Christine and the Queens – PARANOÏA, ANGELS, TRUE LOVE

Synth Pop, VÖ: Juni 2023
Obwohl sich CHRISTINE voll und ganz auf PARANOÏA, ANGELS, TRUE LOVE einlässt, fühlt es sich insgesamt nicht so lohnend wie die diamantene Klarheit und Brillanz von Chris oder La Vita Nuova an. Auch wenn etwas von der elektrisierenden Unmittelbarkeit dieser Werke fehlt, gibt es hier eine Menge anspruchsvoller und emotional kraftvoller Musik.

Als Christine and the Queens 2015 zum ersten Mal in der anglophonen Welt auftraten, war der Name ein Pseudonym für Héloïse Letissier: eine französische Künstlerin mit einer außergewöhnlichen Linie in makellos coolem, leicht eingängigem Synthpop im 80er-Jahre-Stil, die über queere Identität nachdachte. Im Jahr 2018 war aus Letissier Chris geworden – der gleichnamige, androgyne Protagonist ihres funkigen zweiten Albums. Dann, letztes Jahr, gab er/sie bekannt, dass er/sie nun sowohl männliche Pronomen als auch einen anderen Spitznamen verwende: Redcar, auch die Titelfigur ihres/seines dritten Albums, „Redcar les Adorables Étoiles“.

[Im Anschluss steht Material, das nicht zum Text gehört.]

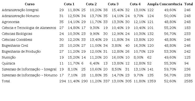 A maior incidência de estudantes ingressantes pela cota 1 (estudantes de escola pública, com critério de cor/racial/étnico, com renda mensal familiar igual ou inferior a 1,5 salário mínimo per capita) ocorre nos cursos de agronomia e ciência e tecnologia de alimentos. Nos cursos de administração integral e noturno, ciências biológicas, engenharia de produção, nutrição, química e sistemas de informação noturno, entre estudantes cotistas, ocorre maior incidência daqueles que ingressaram pela cota 3 (estudantes de escola pública, com critério de cor/racial/étnico, com renda familiar mensal superior a 1,5 salário mínimo per capita).
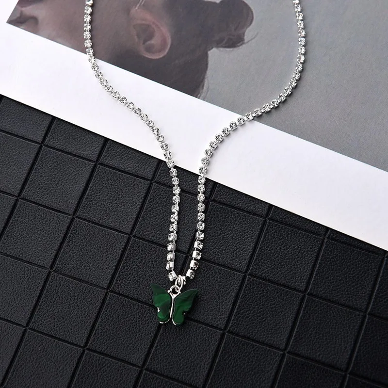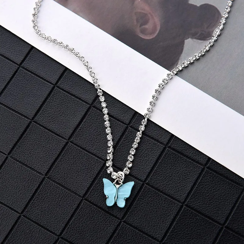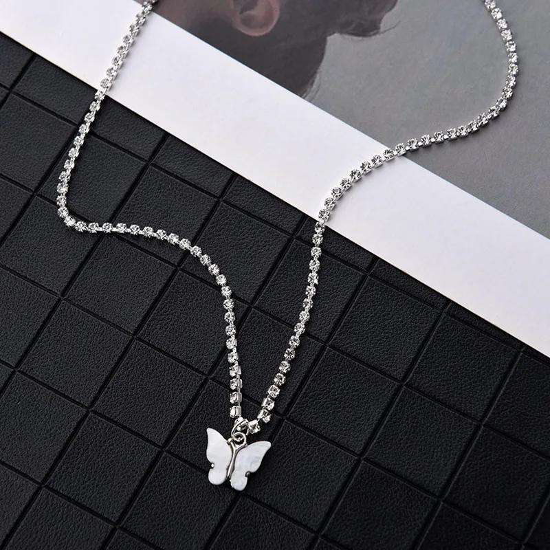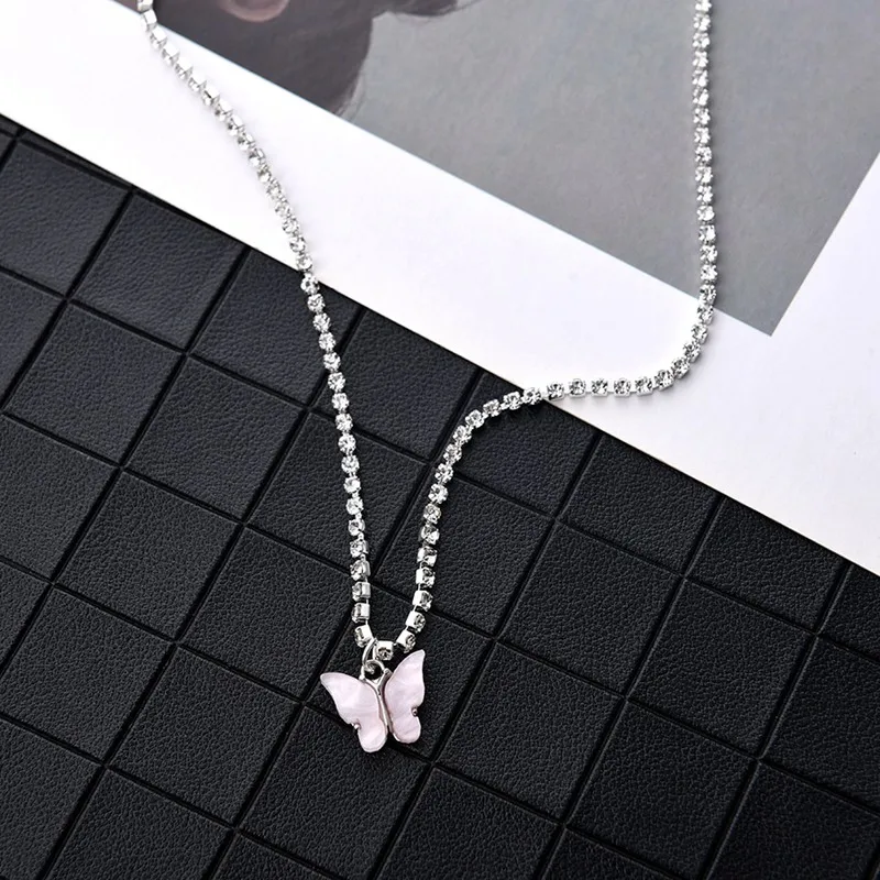 Fleepmart Butterfly Choker Necklace Rhinestone Chain White Black Color Simple Clavicle Necklace Animal Korean Jewelry
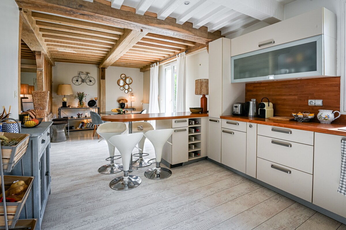 Trakteer jezelf op een Normandische vakantie in een chique en elegante duplex, ideaal gelegen in het hart van het charmante historische dorp Touques, tegenover de Saint Thomas kerk en op slechts een paar minuten fietsen van de stranden en de levendigheid van Trouville en Deauville. Een verfijnde pied-à-terre om optimaal te genieten van de Côte Fleurie, tussen authenticiteit en zoetheid van het leven.
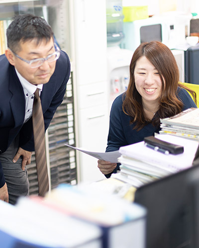 また係長という役職者として、後進の指導も仕事に含まれる。
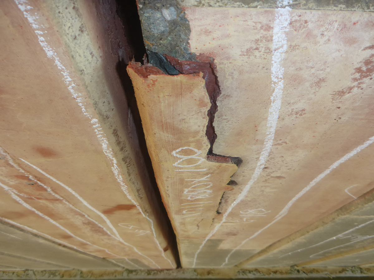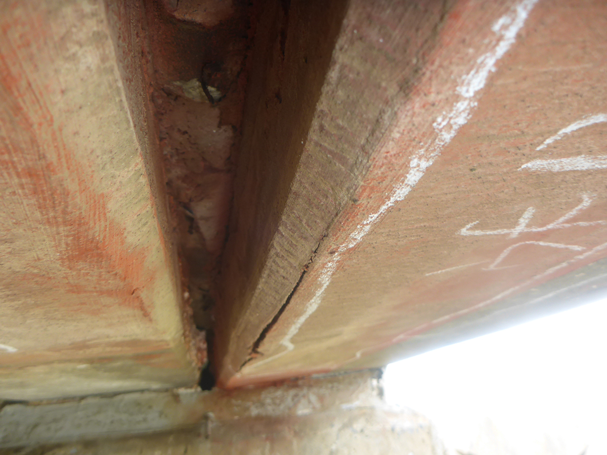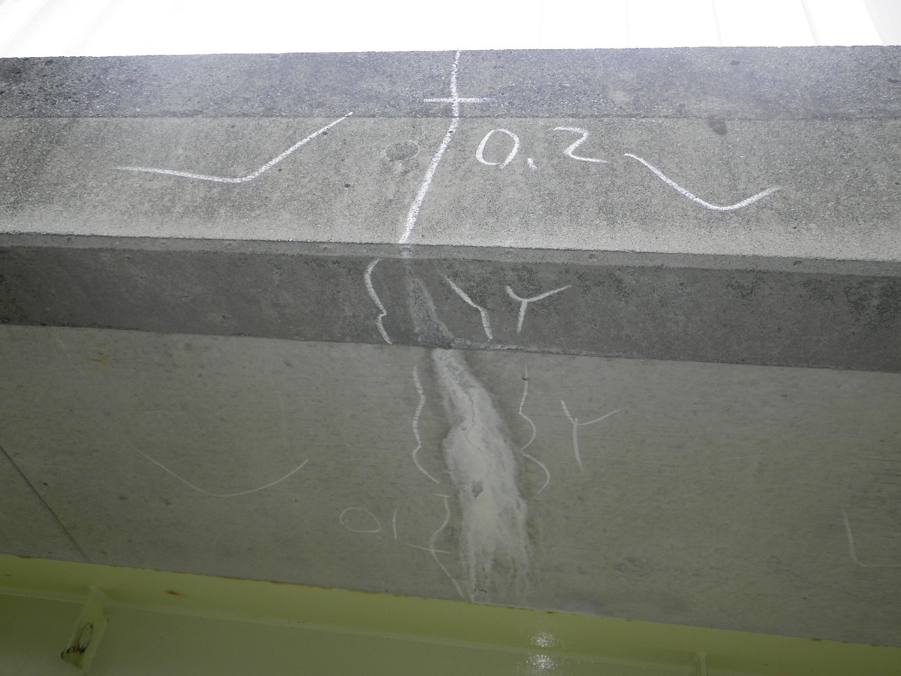 PC橋の主な損傷は桁下フランジでのひび割れ、浮きがあります。海側からの飛来塩分が桁下を巻き込んで付着し、降雨でも流れにくいことが原因と考えられます。また、コンクリート塩分量規制前(1986年以前)に建設された橋梁も36橋(全体の28%、別表)あり、内在塩分が要因となるひび割れ、浮きが生じていると考えられます。加えて、ASRが発生している橋梁も確認されています。

Diese Platte, eine nachdenkliche, schlüpfrige, nicht ganz zufriedenstellende Sammlung, gesungen auf Französisch, stieß auf gedämpfte Resonanz. Letissier’s offensichtlich steiniger Weg zur Selbstverwirklichung ist mit seismischer Trauer verstrickt – 2019 starb ihre/seine Mutter – und „PARANOÏA, ANGELS, TRUE LOVE“ ist ein Heulen der Verzweiflung, das in erstaunlich schönen experimentellen Pop sublimiert ist, durchtränkt von warmem, himmlischem Licht, durchbohrt von Stacheln von verwirrtem Schmerz. Auf „Tears can be so soft“ wird der Verlust unverblümt zum Ausdruck gebracht – „I miss my mama at night“ – über einen synkopierten Raindrops-on-the-Roof-Beat und einen winzigen Ausschnitt von Marvin Gaye. 

Auf „Full of Life“ wird ein verzerrtes „Fucking“ über die süßen Streicher von Johann Pachelbel gebrüllt. „True Love“ verpackt Romantik in unausweichliche Trauer („make me forget my mother“), den Klang eines Herzmonitors und statische Aufladungen. Die Brillanz der Platte liegt in einem innovativen Ozean moderner Oper, der Elemente aus Soul, Pop, Trap, R&B, Drum’n’Bass und Musiktheater vereint. Die Anwesenheit des Hip-Hop-Produzenten Mike Dean auf dem Album verleiht dem Album einen Post-Pop-Sound. Ausgedehnt und zutiefst leidenschaftlich gleitet die Musik mühelos in seraphische Klanglandschaften, während Chris über ihre/seine Probleme trällert: eher theatralisch und langsam als bombastisch und ohrenbetäubend. 

Mit ansteckenden, tänzerischen Hooks, die gegen meditative, aber zuweilen eruptive Stimmungsmacher eingetauscht werden, lenkt „PARANOÏA, ANGELS, TRUE LOVE“ die Aufmerksamkeit des Publikums vielleicht mehr auf den lyrischen Inhalt und seine elastische, eindringliche Stimme, aber die Musik selbst verliert nie ihre Bedeutung als Antrieb der Erzählung. Der letzte Track, „Big Eye“, bietet einen großen Beat und Chris‘ engelhaftesten Gesang. „My love is my light“, singt sie/er im Falsett, „My love is my soul.“ An diesem Punkt vereint sie/er sich mit allem, was sie/ihn in den letzten 90 Minuten zu diesem Punkt geführt hat, und erkennt: „I am now your mother/I’ll carry you through the other side.“ 

Das Lied baut sich mit mehr Gesangsharmonien und großen Gitarren auf und sie/er fragt sich a cappella: „Were you saving me from the dark?“ Es ist eine atemberaubende Katharsis, ein Moment der Befreiung. Auch wenn die Texte nicht immer einer Handlung zu entsprechen scheinen, wie es bei einer normalen Oper der Fall wäre, ist es auf emotionaler Ebene eine Belohnung. Chris‘ verlässlich sanfter Gesang ist hier produktiver denn je: gleichzeitig zart, wie ein Finger, der eine Marmorader nachzeichnet, und schrill. Verletzliche Lyrik, die die alles verzehrende Liebe einfängt, ziert die Platte und man zweifelt kein einziges Mal an ihren/seinen Überzeugungen.